Есть. Мы увидим ниже, откуда эта особенность является, где ее вероятные истоки; но сначала надо ее раскрыть.
Речь идет о «завтрашнем» для России дне, то есть — условимся! — о западноевропейском «сегодняшнем». Он построен (как и в России будет строиться, сделавшись сегодняшним) из сегодняшнего данного, из данных понятий демократизма, социализма, свободы права и т. д.

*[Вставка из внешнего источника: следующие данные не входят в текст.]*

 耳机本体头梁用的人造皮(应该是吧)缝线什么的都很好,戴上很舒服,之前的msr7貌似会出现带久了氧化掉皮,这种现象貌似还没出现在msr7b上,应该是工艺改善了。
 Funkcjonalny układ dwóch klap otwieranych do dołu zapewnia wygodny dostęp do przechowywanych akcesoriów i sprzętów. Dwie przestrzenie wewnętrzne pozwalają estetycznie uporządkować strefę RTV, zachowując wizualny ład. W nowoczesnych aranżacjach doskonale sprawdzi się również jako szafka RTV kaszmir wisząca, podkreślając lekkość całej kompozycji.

Пусть не совершенные, сегодня-то даны — они; они и слаживаются вместе, пригоняются друг к другу для общей постройки.
Такое, из данных сегодняшнего дня построенное, государство, — действительно будет «нейтральным», т. е. одинаково относящимся ко всем внутренним коллективам, какую бы доктрину они ни исповедовали; ибо — говорит М. Вишняк — это «государство призвано уважать и охранять все доктрины (кроме тех, которые его фактически ниспровергают)».

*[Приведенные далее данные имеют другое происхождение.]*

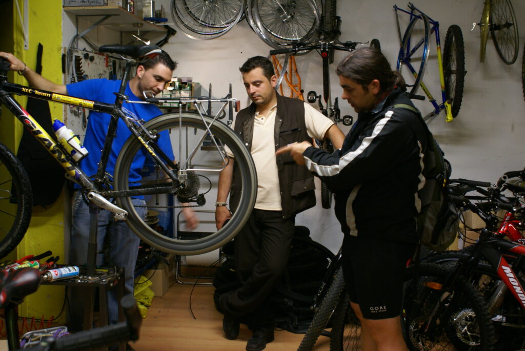 Pasado ese punto comenzamos a bajar hasta Burgos donde empezamos a buscar la tienda donde reparamos las bicis. Cambio de radio, rueda delantera y ajuste de cambio en la mía y ajuste y cambio de pedales en la de Paco.
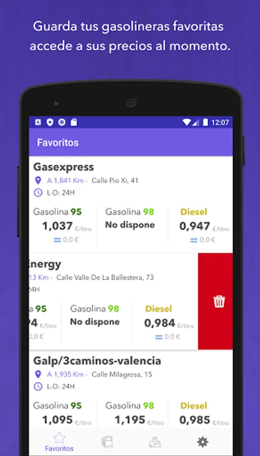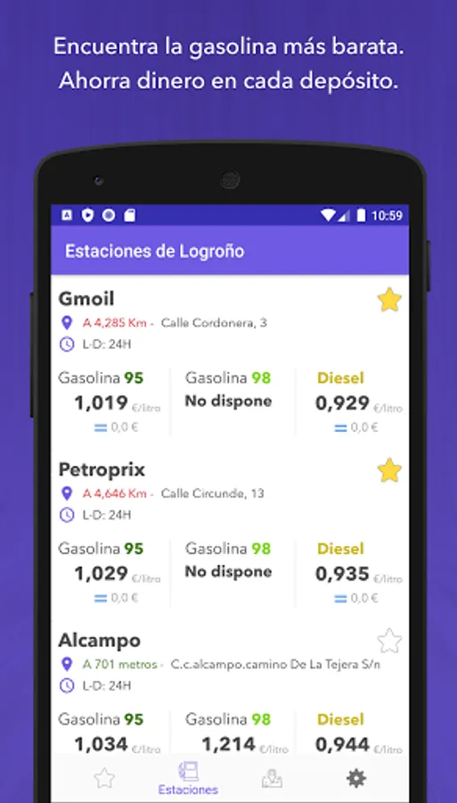 Gasoline 95, Gasoline 98 and Diesel prices from gas stations throughout Spain in the palm of your hand with GasOnline. A clear and simple interface that will help you choose and compare fuel prices at the gas stations in your location.
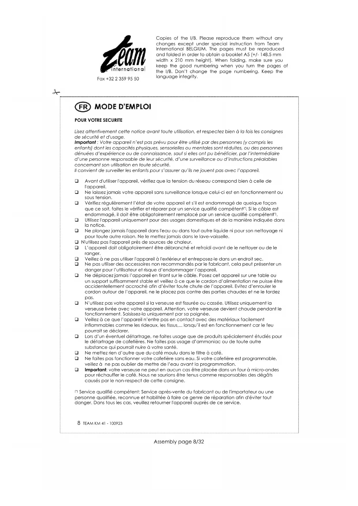Afin de préserver notre environnement et notre santé, l’élimination en fin de vie des appareils électriques et électroniques doit se faire selon des règles bien précises et nécessite l’implication de chacun, qu’il soit fournisseur ou utilisateur. C’est pour cette raison que votre appareil, tel que le signale le symbole apposé sur sa plaque signalétique ou sur l'emballage, ne doit en aucun cas être jeté dans une poubelle publique ou privée destinée aux ordures ménagères. L'utilisateur a le droit de déposer l'appareil dans des lieux publics de collecte procédant à un tri sélectif des déchets pour être soit recyclé, soit réutilisé pour d’autres applications conformément à la directive. Copies of the I/B. Please reproduce them without any changes except under special instruction from Team International BELGIUM. The pages must be reproduced and folded in order to obtain a booklet A5 (+/- 148.5 mm width x 210 mm height). When folding, make sure you keep the good numbering when you turn the pages of the I/B. Don’t change the page numbering. Keep the language integrity.
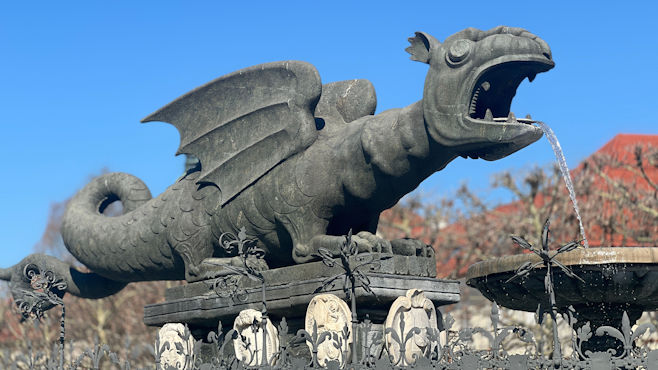 Nächstes Problem: Der Kühlschrank kühlt nicht. Eine LED zeigt an, dass die Batteriespannung zu niedrig ist. Das kann aber nicht sein, denn das Voltmeter zeigt 13 Volt an und auch bei laufendem Motor schaltet sich der Kühlschrank nicht ein. Susis Idee, ihn am Wechselrichter mit 230 Volt zu betreiben, funktioniert. Immerhin tagsüber können wir kühlen, aber für die Nacht ist uns die Lüftung des Inverters zu laut. In Klagenfurt statten wir dem Lindwurm einen Besuch ab und wir spazieren durch den ansprechenden Ostermarkt. Dann geht es über den Loiblpass nach Slowenien. In Bled blicken wir von der Burg hinunter auf den See mit der berühmten Kirche auf der Insel, fahren dann ein Stück den See entlang und genießen den Blick auf die Insel mit der Burg und den schneebedeckten Bergen im Hintergrund. Wir campieren in einem Wald zwischen Kranj und Ljubljana. Km 159/357.
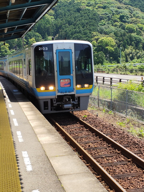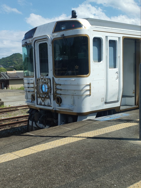 窪川ではそれほど乗る人もなくホッとしていたのもつかの間、土佐久礼で反対側に観光特急の志国土佐時代の夜明けのものがたりが停まっていて、そこから折り返しで乗る人が大挙しており一気に満席近くになります。グリーン車扱いの食事がメインの列車ということもあり、出来上がっていい気分で大声で話しだしたりとあんまりいい気分ではなかったです。

Такое устройство Степун и «признает», его и называет «грядущей правдой русской жизни», его и «проповедует», как «на очереди стоящий строй» «в чистом западноевропейском смысле»…
Но… и очередь еще до России не дошла, а уж Степун «проповедуемую правду» — этого смысла лишил. Он стал предрекать, или представлять себе, или «религиозно» утверждать, что такое государство, русское, будет православным. Т. е. что оно не станет объединять в себе данных коллективов, а выберет из них один, определенный, и с ним сольется. Может быть; но как же тогда с западноевропейским смыслом? Ни одно государство сегодняшнего дня (и этому дню соответствующее) не соедининено ни с одной церковью сегодняшнего дня, «видимой», тоже дню соответствующей. Степун искушает Вишняка «большинством»: ну, а если большинство захочет соединения? Вишняк не соблазнился, а для нас и соблазна тут нет: такое государство, если бы даже не большинство, а весь народ страны принадлежал к данной церкви, соединять себя с ней не может.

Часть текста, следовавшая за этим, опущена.